VAR vs VAO vs VBO (was Loading vertex arrays in the graphics card ?)




On Dec 27, 2004, at 12:04 PM, Christopher Niederauer wrote:

ARB_vertex_buffer_object (aka VBO) was added in 10.3.4 and should be
supported on any card that already supports APPLE_vertex_array_range
(aka VAR).  If you are running on a capable system, double check the
extensions list for it (not all ARB extensions are next to each other)
– but please do file a bug if its really not there.

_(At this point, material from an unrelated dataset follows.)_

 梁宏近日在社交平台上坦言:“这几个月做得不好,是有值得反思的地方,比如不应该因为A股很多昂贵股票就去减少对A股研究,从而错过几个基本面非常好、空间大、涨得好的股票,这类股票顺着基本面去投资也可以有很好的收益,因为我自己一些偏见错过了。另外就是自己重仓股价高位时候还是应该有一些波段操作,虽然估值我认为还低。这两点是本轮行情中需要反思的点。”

Let me ring in here, too, that APPLE_vertex_array_range is a better
suited spec for certain circumstances, such as modifying a small sub
range of data for streaming.  It has the ability to flush a sub range
of data when modified, whereas VBO requires at the very least a call to
BufferSubData (which means at least one more copy for non-cached data)
or flushing the entire range if you modify a piece of the data manually
via mapping (whew, did that make sense? ;-).  The main benefit that VBO
provides over VAR is the ability to mix and match multiple buffer
objects (ie streamable vertex positions with static texture coords).
Since you are asking about statically caching data on the video card, I
think VBO should work out fine, but don't let #ifdef's stop you from
using a better suited API whenever applicable (not just VAR vs VBO)!


We've used VAR, VAO, and VBO. I have a few cents to toss in. I would welcome any corrections to what I have in my mental model of how these things work.

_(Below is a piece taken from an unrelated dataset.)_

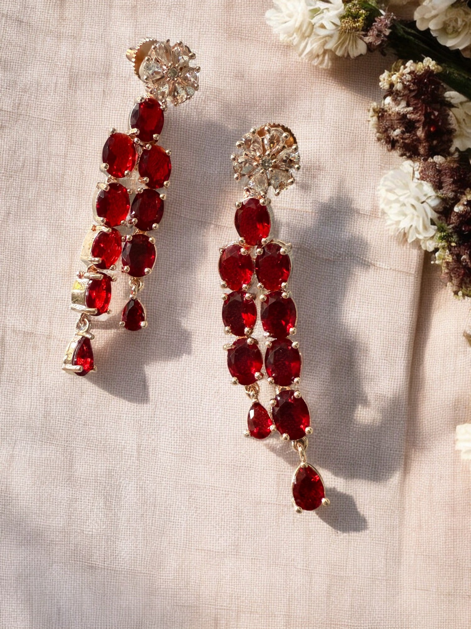 Matching earrings mirror the blue stone arrangement with a floral top stud and a vertical drop of multiple blue stones, ending in teardrop-shaped danglers. This set is ideal for formal occasions, evening wear, or weddings.

VAR definitely lets you have very tight control over memory allocation and synchronization (since you have to do it all yourself), and also allows you to amortize the synchronization costs of fences, across many draw-batches, if you do it right.
Downside to VAR: you can't easily maintain multiple regions without marking and unmarking an area as a VAR, and thus it is very difficult if not impossible to maintain some data in system RAM while other data is cached in VRAM. i.e. as soon as you re-set the VAR from a cached range to a shared range, since the only reference to the cached data has been released, it can't stay in VRAM, poof.

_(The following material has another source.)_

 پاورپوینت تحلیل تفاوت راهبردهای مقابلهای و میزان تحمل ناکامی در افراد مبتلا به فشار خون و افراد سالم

VAO lets you get around that last problem with VAR, by allowing per-array-object VAR state including the storage hint, but it (IMHO) goes too far and does this book-marking of the vertex array pointers, so when you bind to a given VAO, it re-steers all the vertex attribute pointers to wherever you left them set when that VAO was last bound. So it's easy with VAO to create disjoint, multiple, arrays of data that can be either RAM or VRAM based, but you have to keep that vertex-pointer bookmarking in mind or it will make your higher level code very messy. This is especially acute when trying to backfit VAO at a low level into a library that is used to steering the vertex pointers whenever it feels like and that they stay set where it left them. VAO has no notion of streaming data either, which is something that is simple to do in VAR with a ring buffer and a couple of fences (see Warcraft III).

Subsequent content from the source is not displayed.